■ PROVIDED ENTRIES ■
+-------+

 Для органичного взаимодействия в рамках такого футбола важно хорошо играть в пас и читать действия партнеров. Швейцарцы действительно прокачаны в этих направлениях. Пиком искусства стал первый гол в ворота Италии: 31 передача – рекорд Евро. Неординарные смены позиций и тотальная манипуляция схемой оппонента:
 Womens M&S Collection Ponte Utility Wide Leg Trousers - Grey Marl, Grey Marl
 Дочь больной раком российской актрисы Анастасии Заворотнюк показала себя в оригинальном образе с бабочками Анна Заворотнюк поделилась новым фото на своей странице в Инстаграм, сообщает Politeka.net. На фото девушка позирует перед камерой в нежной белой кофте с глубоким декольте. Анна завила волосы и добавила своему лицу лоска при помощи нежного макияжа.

+-------+

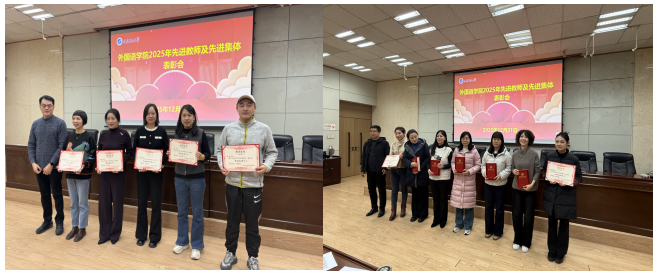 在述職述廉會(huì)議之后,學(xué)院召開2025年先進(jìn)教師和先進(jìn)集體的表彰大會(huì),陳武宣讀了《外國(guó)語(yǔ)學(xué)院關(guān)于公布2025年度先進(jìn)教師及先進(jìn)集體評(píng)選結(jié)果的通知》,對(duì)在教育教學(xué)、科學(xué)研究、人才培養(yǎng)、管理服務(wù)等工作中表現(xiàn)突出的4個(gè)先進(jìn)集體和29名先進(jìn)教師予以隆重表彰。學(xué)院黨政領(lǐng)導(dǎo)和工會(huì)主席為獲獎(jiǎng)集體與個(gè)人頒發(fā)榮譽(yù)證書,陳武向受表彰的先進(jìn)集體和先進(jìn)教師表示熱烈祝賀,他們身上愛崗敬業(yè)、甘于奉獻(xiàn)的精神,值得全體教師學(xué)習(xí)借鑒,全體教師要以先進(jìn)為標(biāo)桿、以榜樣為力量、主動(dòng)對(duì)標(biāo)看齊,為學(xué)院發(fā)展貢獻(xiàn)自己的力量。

+-------+

■ ACTION ITEM ■
Scan the records above for the lines holding "Womens M&S Collection" and "Дочь больной раком". Transcribe those two and every line between them word for word, and no others.

■ SOLUTION TO THIS TASK ■
 Womens M&S Collection Ponte Utility Wide Leg Trousers - Grey Marl, Grey Marl
 Дочь больной раком российской актрисы Анастасии Заворотнюк показала себя в оригинальном образе с бабочками Анна Заворотнюк поделилась новым фото на своей странице в Инстаграм, сообщает Politeka.net. На фото девушка позирует перед камерой в нежной белой кофте с глубоким декольте. Анна завила волосы и добавила своему лицу лоска при помощи нежного макияжа.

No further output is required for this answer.